The same organisation said the risk of new infections would remain as long as seasonal delivery of contaminated produce continues.

It said new outbreaks are likely to happen in future seasons until the root cause of the contamination has been identified and control measures brought in.

Any environmental causes should also be investigated to work out the point where Salmonella Strathcona affects the produce, according to a recommendation from the ECDC.

Salmonella infection is caused by bacteria which live in the gut of many birds and animals. Its presence in food can lead to stomach infections in humans, causing diarrhoea which can last several days.

The period between picking up Salmonella and falling ill can be between six hours and three days. It can be longer, but often it is within 12-36 hours, according to NHS Borders.

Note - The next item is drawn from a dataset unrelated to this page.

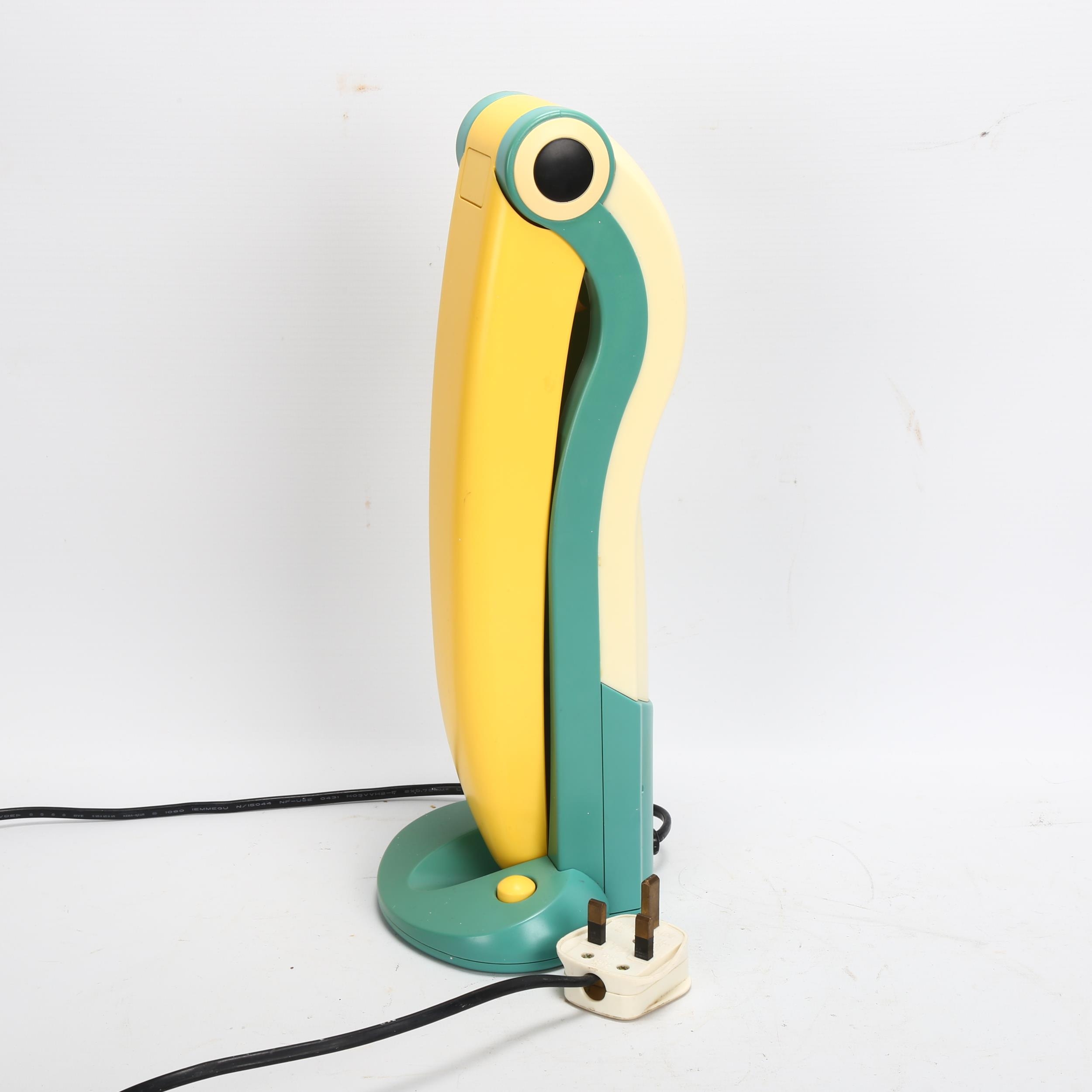 HT Huang for Huangslite, a 1980s' novelty toucan pattern folding table lamp, in yellow and green plastic, closed height 34.5cm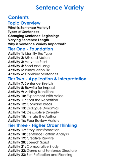 Sentence Variety Worksheet Activity Booklet

Symptoms usually include: loose stools, tummy pain, fever, headache, nausea and/or vomiting and general tiredness.

These symptoms usually clear up within three to seven days but a small number of people take weeks to fully recover. Blood poisoning, abscesses and joint pains are rarer complications.

An infected person can contaminate foodstuffs by poor hand hygiene. The commonest route is eating contaminated food or drinks.

These can include unpasteurised milk or eggs and uncooked meats, especially poultry. It has also been found in chocolate, cooked meats, baby milk and salads.

To reduce the risk of Salmonella, wash your hands throughly after changing nappies, handling animals and going to the loo.

You should also wash your hands before cooking, handling food, eating and feeding those who can't feed themselves.

Food should also be prepared safely and meat thoroughly cooked. Heating food to 70C for at least two minutes destroys Salmonella. You should also avoid raw dairy products and only drink treated water.